** Opening RECORDS PROVIDED block **
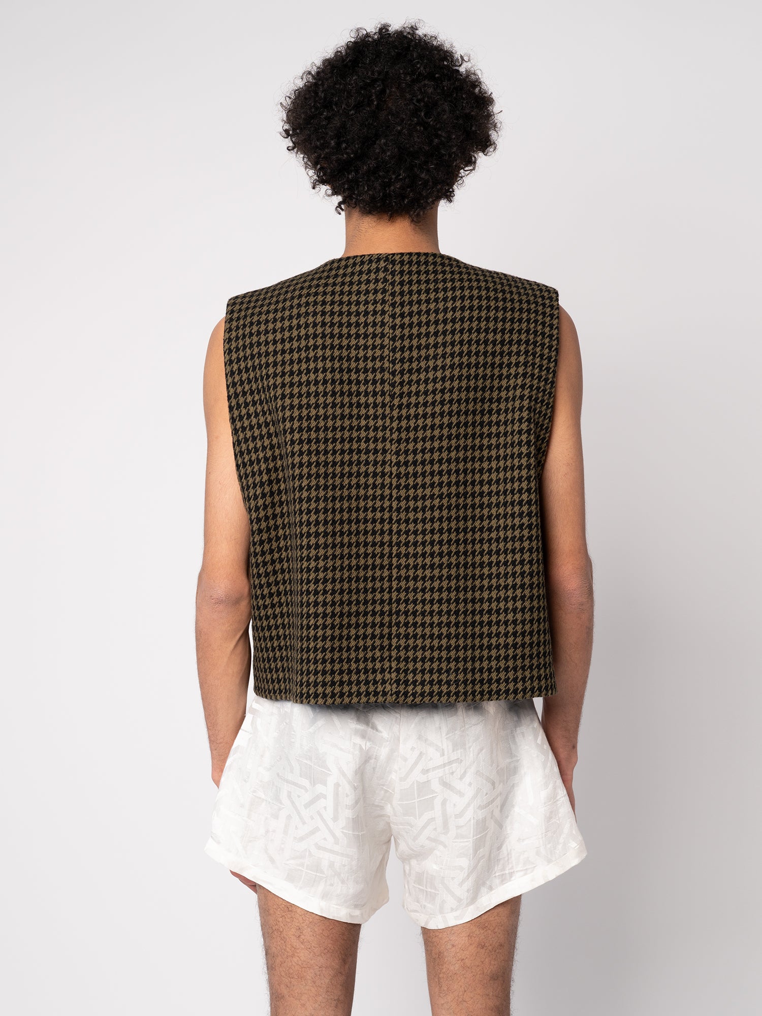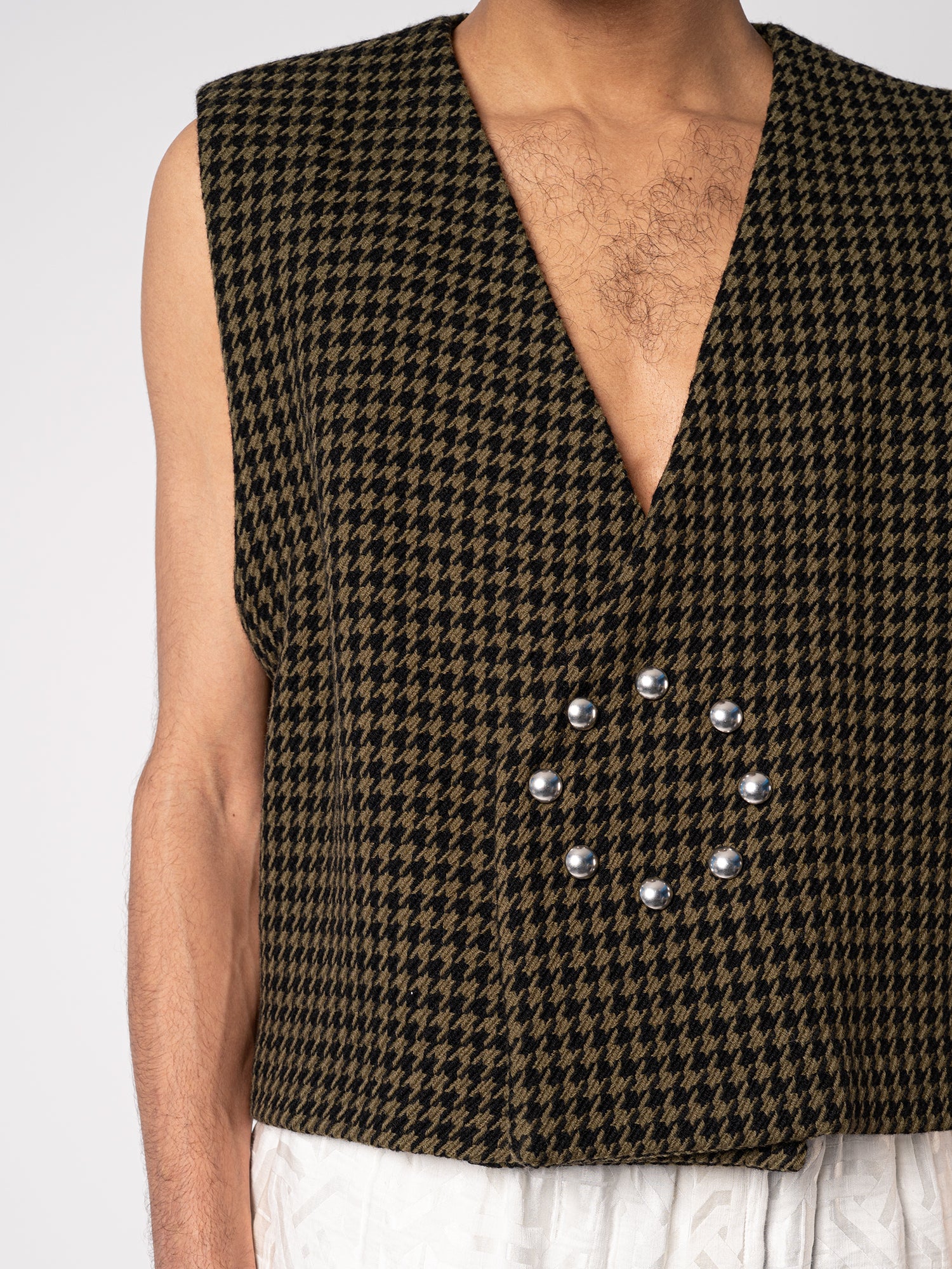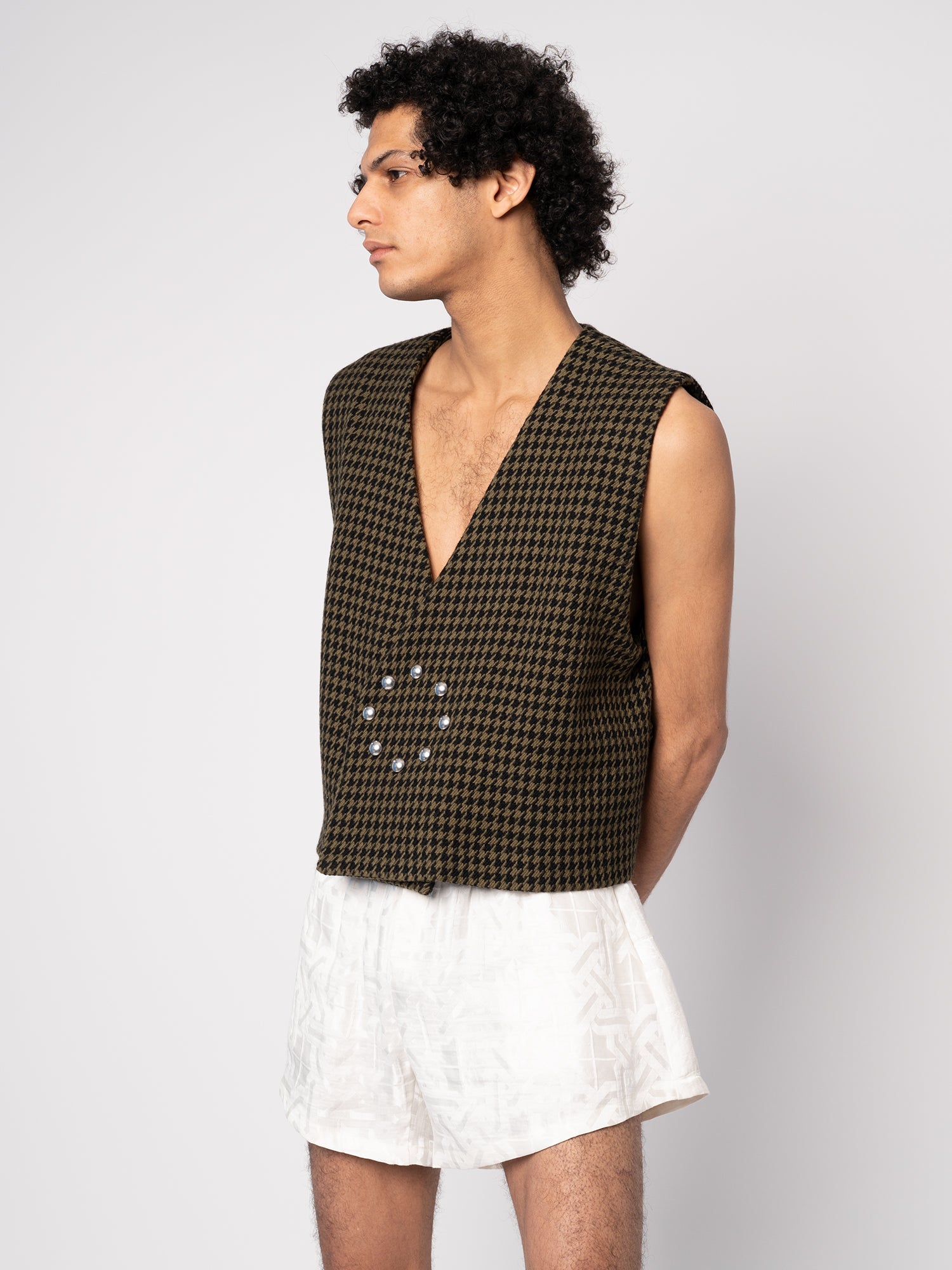 This fab, boxy, waistcoat is made from a deadstock wool houndstooth fabric from Haider Ackerman. It will only be produced in very limited quantities. It features rounded snaps placed in a circle, no lining, but beautiful finishing.
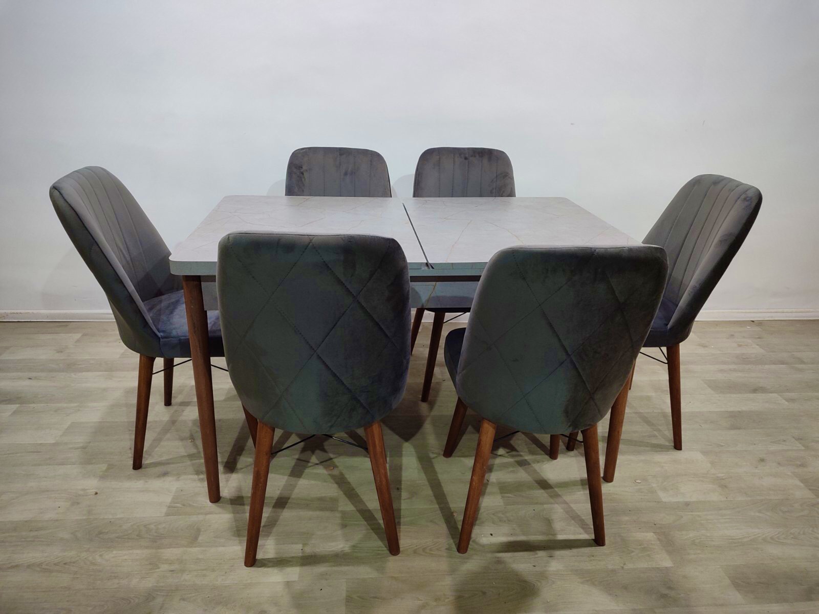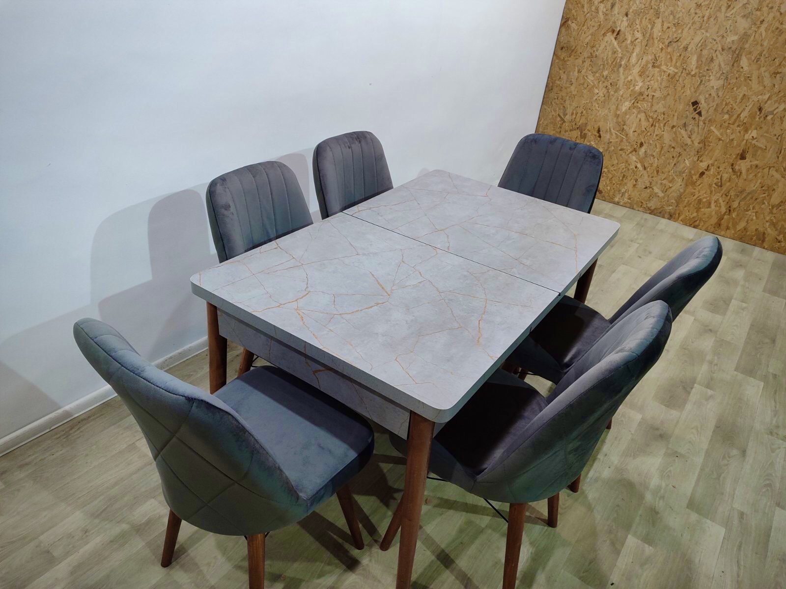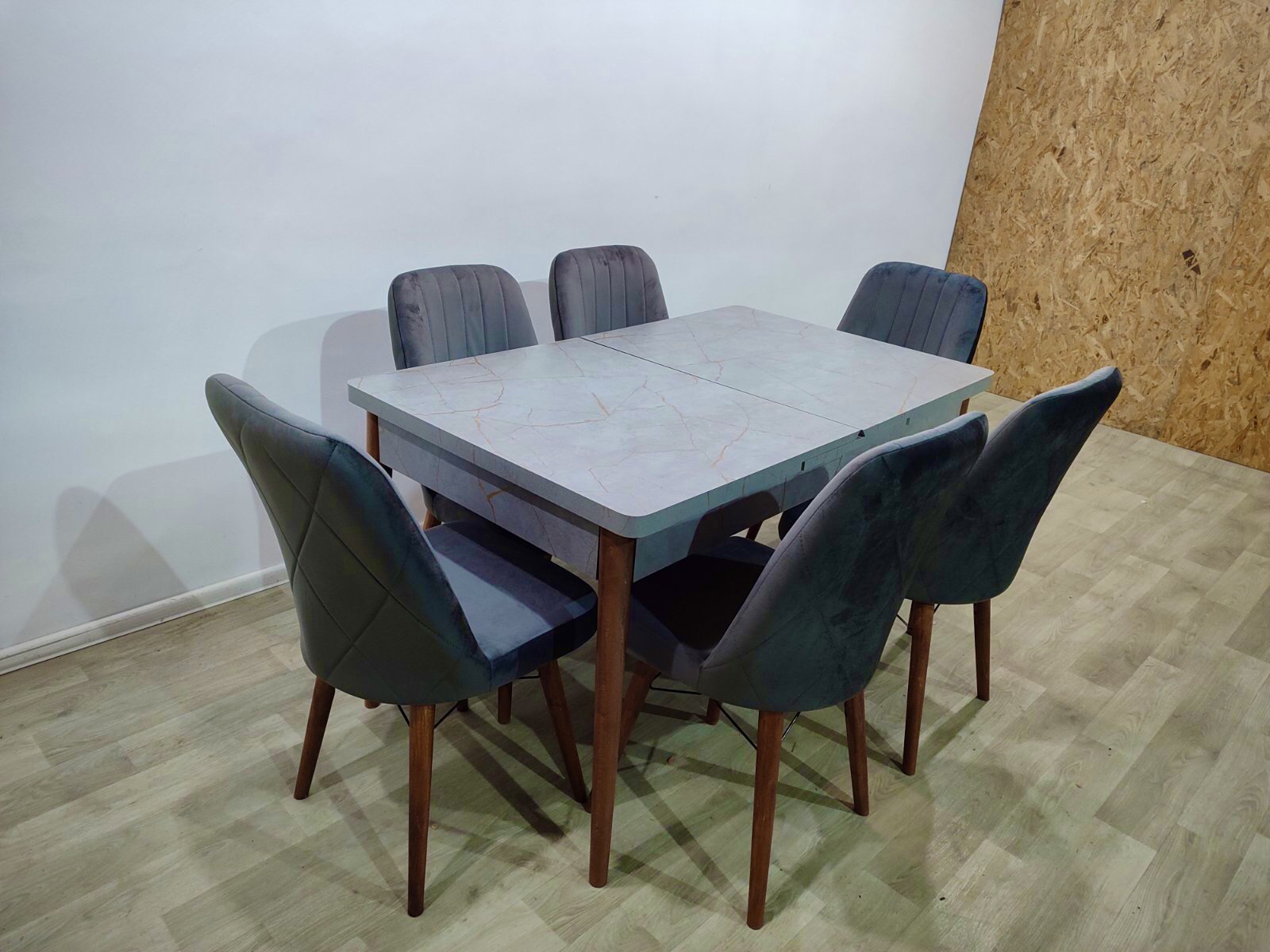 Турецький обідній розкладний 3D стіл та 6 стільців з ЛДСП дерев'яний каркас
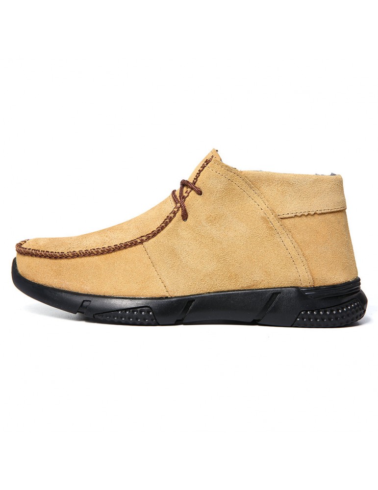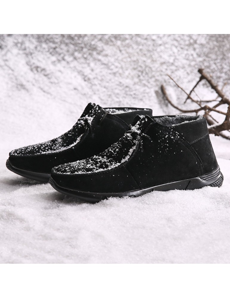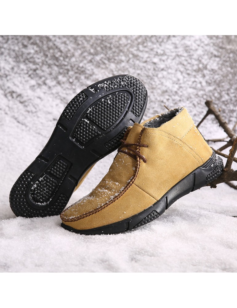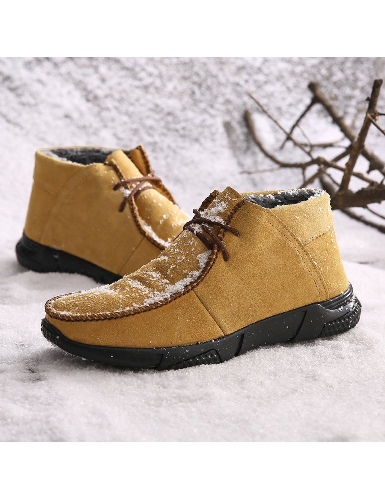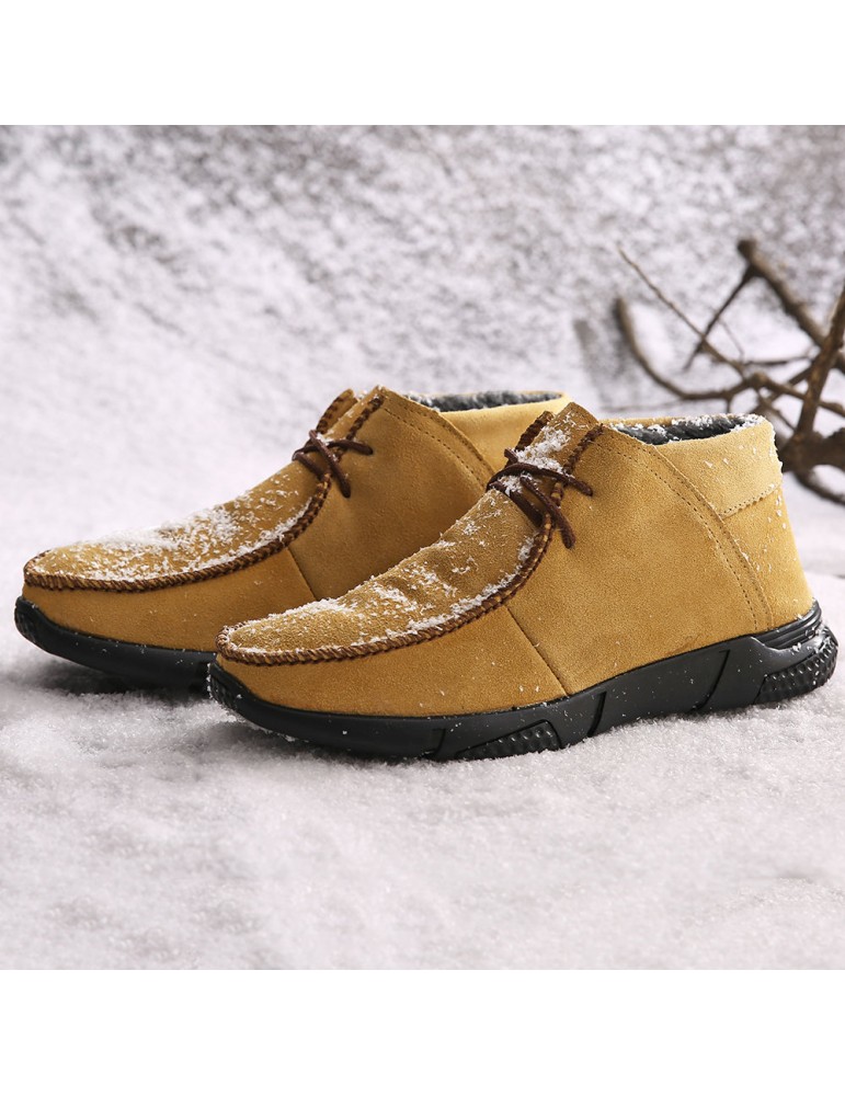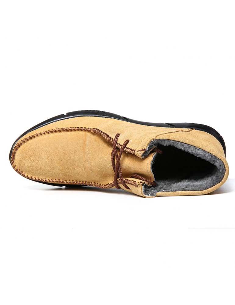 Men Hand Stitching Fabric Plush Lining Warm Casual Boots
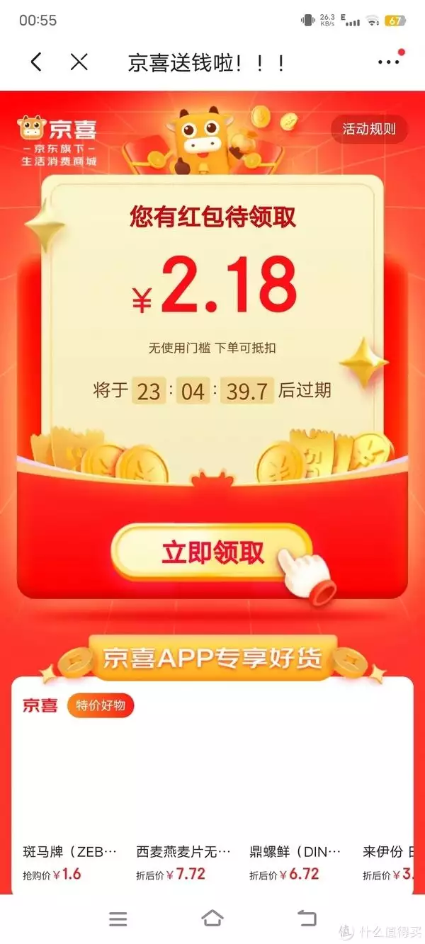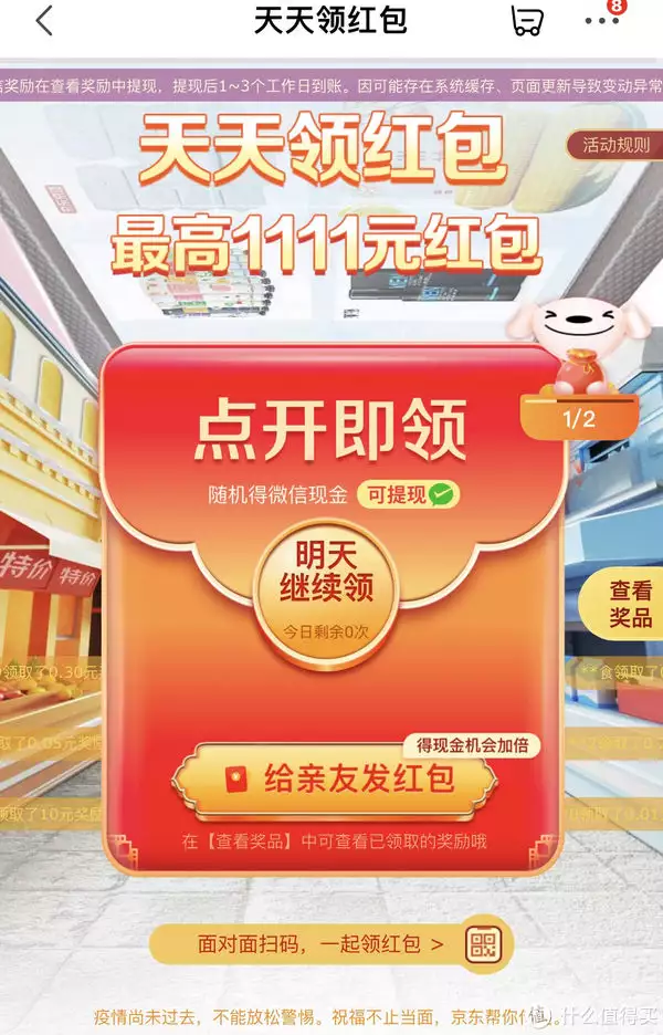 立即领取,分别对应京东金融白条券、京喜红包、京东特价版红包。每天一般都可以领两种。领完一次,重新进入又可以领一次,或者直接刷新。
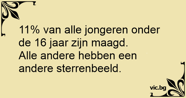 11% van alle jongeren onder de 16 jaar zijn maagd.
** Closing RECORDS PROVIDED block **
WHAT THE TASK ASKS: The lines to repeat run from the line containing "立即领取,分别对应京东金融白" through the last line of the material above; give them exactly, without the pictures.

ANSWER TO THIS PROBLEM:
 立即领取,分别对应京东金融白条券、京喜红包、京东特价版红包。每天一般都可以领两种。领完一次,重新进入又可以领一次,或者直接刷新。
 11% van alle jongeren onder de 16 jaar zijn maagd.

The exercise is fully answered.